Baca Juga : Malang Koi Show, Kontes Koi Nasional Garapan UMM
“Menariknya, kegiatan MBKM tersebut nantinya bisa dikonversikan ke dalam satuan kredit semester (SKS) ataupun diselaraskan ke kurikulum pembelajaran prodi. Sayangnya, ada banyak prodi yang masih kesulitan dan kebingungan melakukannya. Jadi, Belmawa bersama UMM berinisiatif mengadakan Bimbingan Teknis dan pendampingan kepada perguruan tinggi di Indonesia dalam membantu para dosen merancang kurikulum yang disesuaikan dengan program MBKM. Sehingga mahasiswa yang mengikuti program MBKM tidak merasa dirugikan,” jelas Dewi.

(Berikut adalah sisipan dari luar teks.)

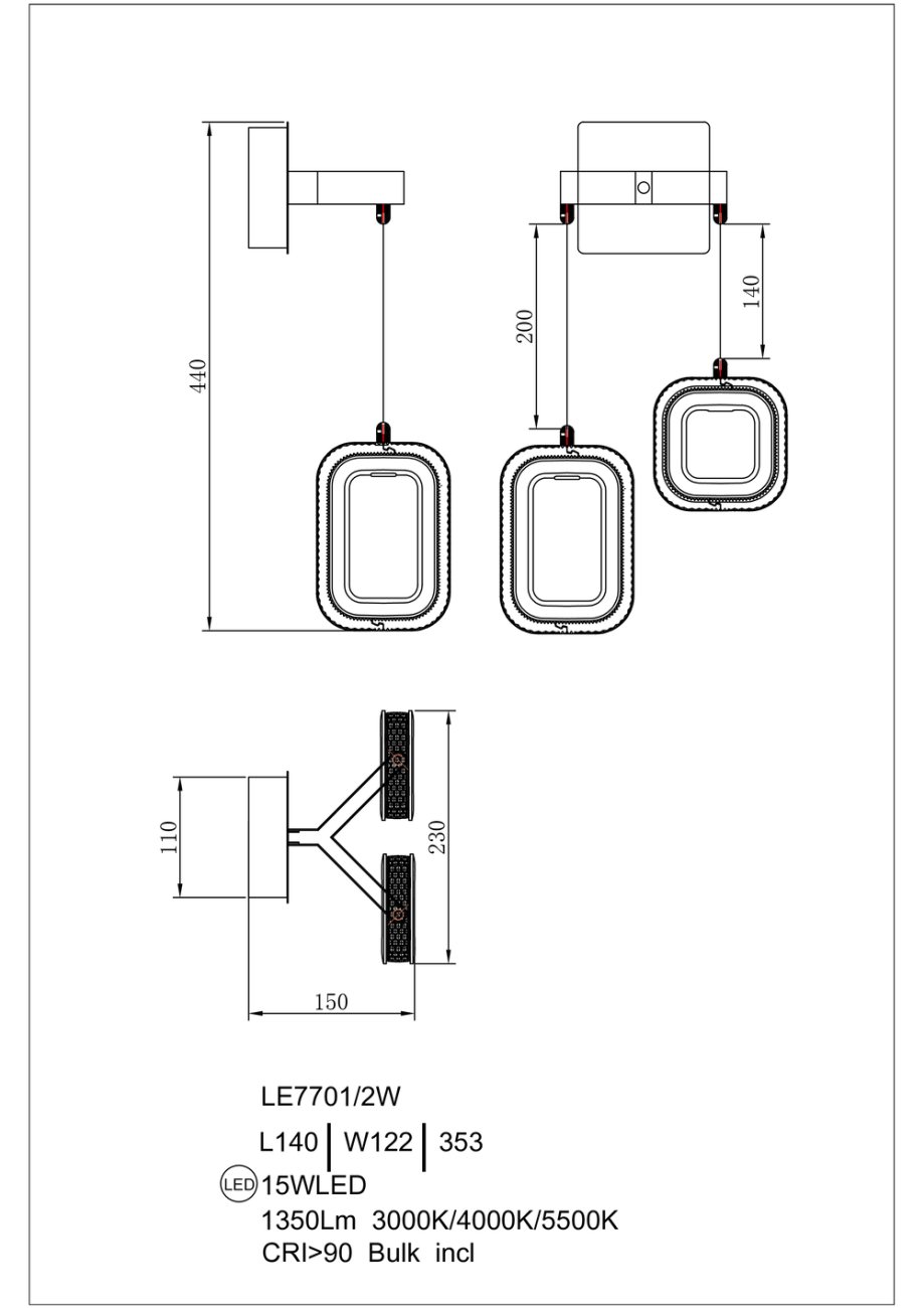 Артикул: LE7701/2W Grey/Gold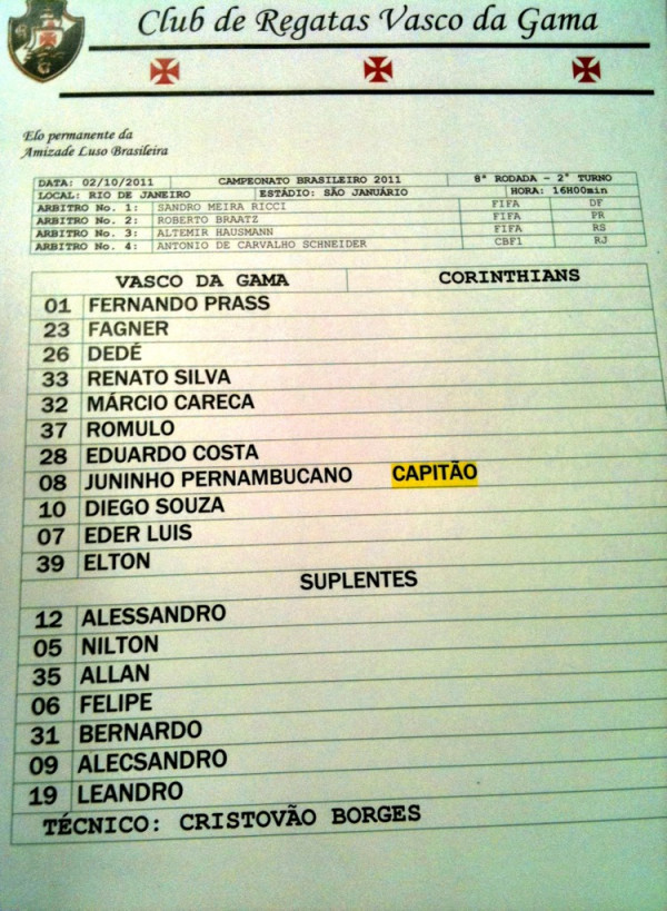 02/10 Confira comparativo entre cada titular de Vasco e Corinthians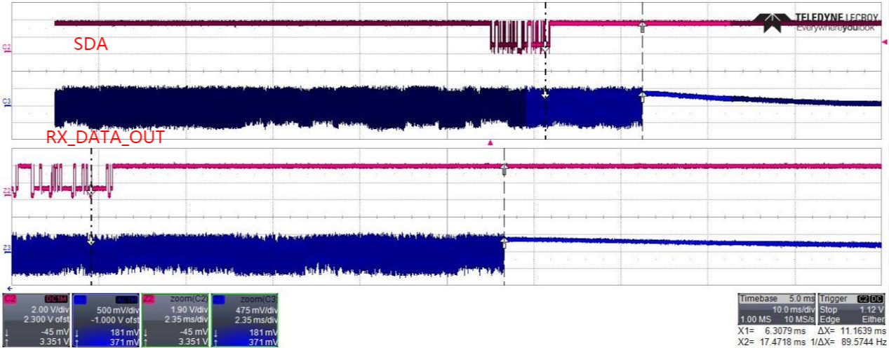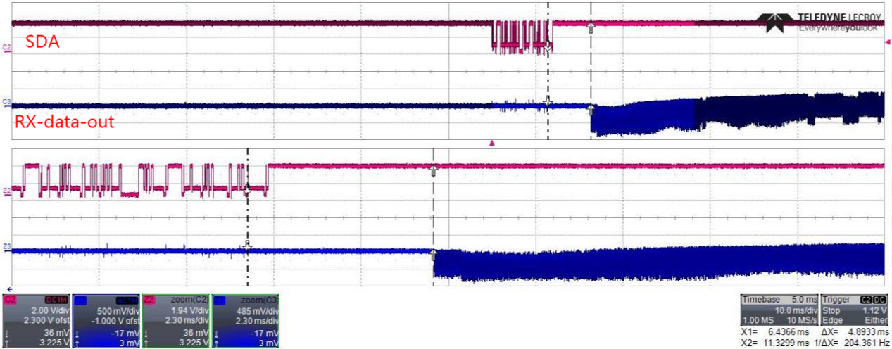 测试方法:将光模块插入测试板中,使用分光器,将需要测试通道的发射端接入分光器的OUT,使用示波器两个探头,一个接测试板上的SDA脚,一个连接测试板上RX信号的中心点上(RX_DATA_OUT),点击GUI中的Ctrl页的RX Output Disable功能对应的测试通道(去掉勾选此功能)进行触发。 测试结果: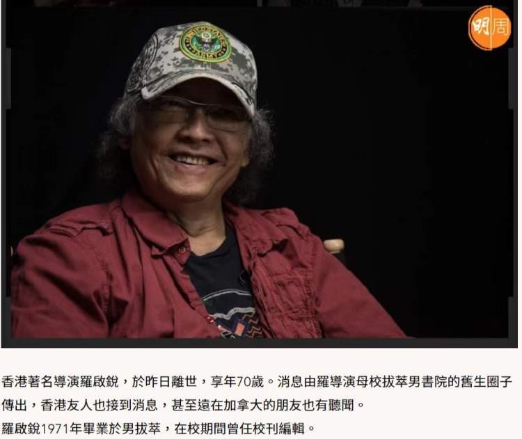 据港媒报道,香港著名导演罗启锐于7月2日逝世,享年70岁。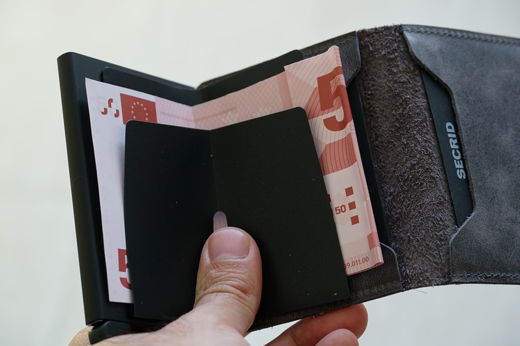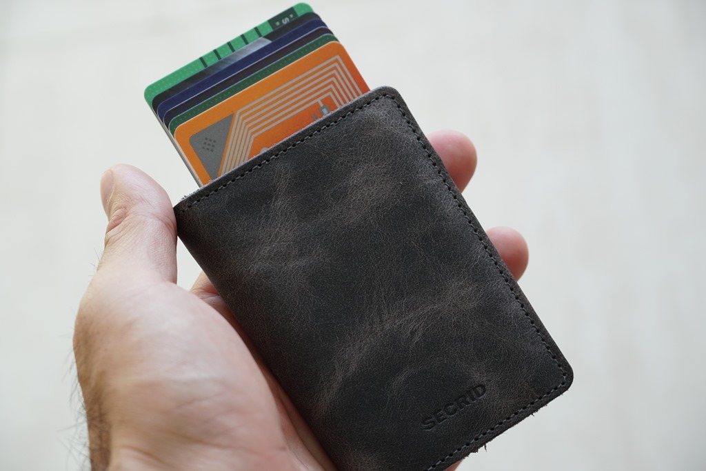 在部分扒手技術高超的國家,我幾乎都不會帶著皮包出門,大多以更小更容易收納的信用卡並搭配紙鈔就出門了。因為可以容易放在暗袋,被摸走的機會相對低。SECRID 推出一款真皮卡夾,可收納至少六張信用卡或交通卡,需要使用時,只要按下底下的按鈕,卡片們可即刻直接層疊式滑出。卡片夾還具有 RFID 防側錄功能,保障晶片卡使用安全不被盜錄。

Baca Juga : Kurikulum CoE Welding Inspector UMM Penuhi Kebutuhan Industri
Dikatakan Dewi, Indonesia merupakan negara yang memiliki banyak program studi, hampir 4.500 program studi tercatat di Dikti. Jadi, pendampingan ini akan dilakukan bertahap. Menurutnya, hasilnya akan kurang maksimal jika langsung diberikan ke ribuan prodi sekaligus. Oleh karenanya, Belmawa membatasi jumlah prodi yang ikut, yakni sebanyak 50 prodi saja.
Di sisi lain, Rektor UMM Dr. Fauzan, M.Pd, menlai bahwa pendampingann ini dapat memperkuat pengembangan kurikulum. Utamanya yang berorientasi untuk mengantarkan mahasiswa mendapatkan pembelajaran yang sesuai passion. Fauzan juga menjelaskan bahwa UMM kini sedang merancang formula yang memiliki aksesibilitas dan cocok untuk abad ini.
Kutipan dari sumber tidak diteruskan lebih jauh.